There’s a nagging feeling with Dinner at Eight that the problem might be me. It predates the Cukor films I love most — Gaslight, Born Yesterday, Holiday — but knowing what he’d later do with comedy and tension, I expected something with sharper teeth. The film doesn’t land either the laughs or the drama those later pictures manage so well.
Kaufman and Ferber’s play depends on the slow reveal of what each guest brings to the dinner, but Cukor clings to the stage version so faithfully that most of the running time feels like preamble. It becomes an MGM all-star parade, with famous faces filing in and out, and none of the characters are interesting enough to earn the patience required. For a pre-Code picture stuffed with adultery, corruption, and suicidal despair, it could really do with more bite.
Marie Dressler and John Barrymore get the best of it — Barrymore playing a fading, alcoholic matinee idol just as his own career was starting to wobble, which is either poignant or a bit too on the nose. Jean Harlow is great fun, and her final exchange with Dressler is a terrific zinger. It almost justifies the slow build to get there.
After their success with Grand Hotel in '32, MGM released this in its image; another all star comedy drama based on a Broadway play. It retains many of the crew, and some of the stars in similar roles. So there's Lionel Barrymore as a dying entrepreneur. Wallace Beery returns as the bumptious capitalist. John Barrymore plays another bankrupt washout.
But this is much better, mostly because MGM's ace director George Cukor is in charge. He gets more disciplined performances from his stars. John Barrymore is especially poignant as an egotistical, alcoholic actor, which must have felt close to home. And there's Jean Harlow as a sexy gold-digger and Marie Dressler as the sardonic observer.

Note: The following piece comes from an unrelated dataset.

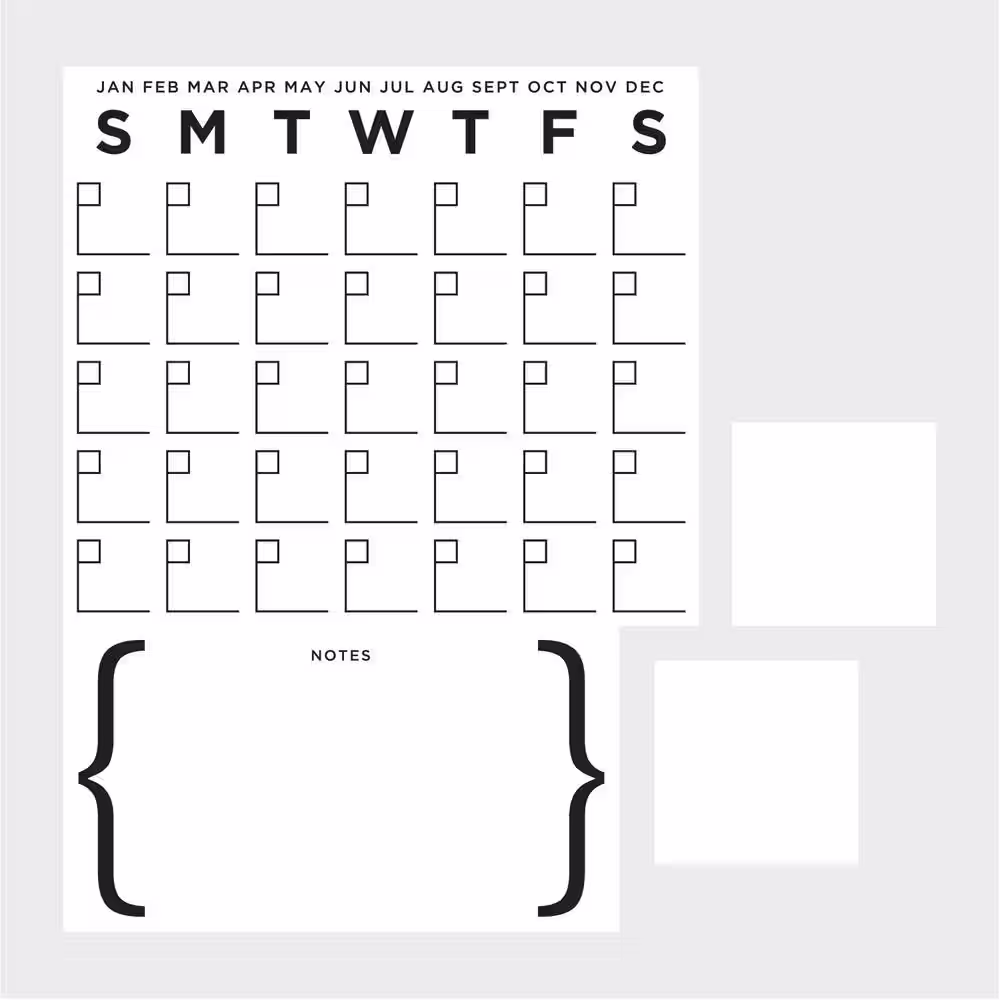 RoomMates Black and White Dry Erase Calendar Peel and Stick Giant Wall Decal Set

The support is fine too, with Billie Burke a stand out as a ditzy social climber who hosts a dinner for some visiting aristocrats and invites all of her diverse acquaintances. We see the ensemble cast preparing for the event, with comedy from Harlow and Beery as quarrelling nouveau-riche, and heartbreak from Barrymore.
It's precode so there are some skintight satin gowns for Harlow- by Adrian. Cukor benefits from an excellent script adapted from George Kaufman and Edna Thurber's stage play which is funny and satirical. And we observe that the best laid plans of mere mortals are ultimately futile! Particularly in the depression.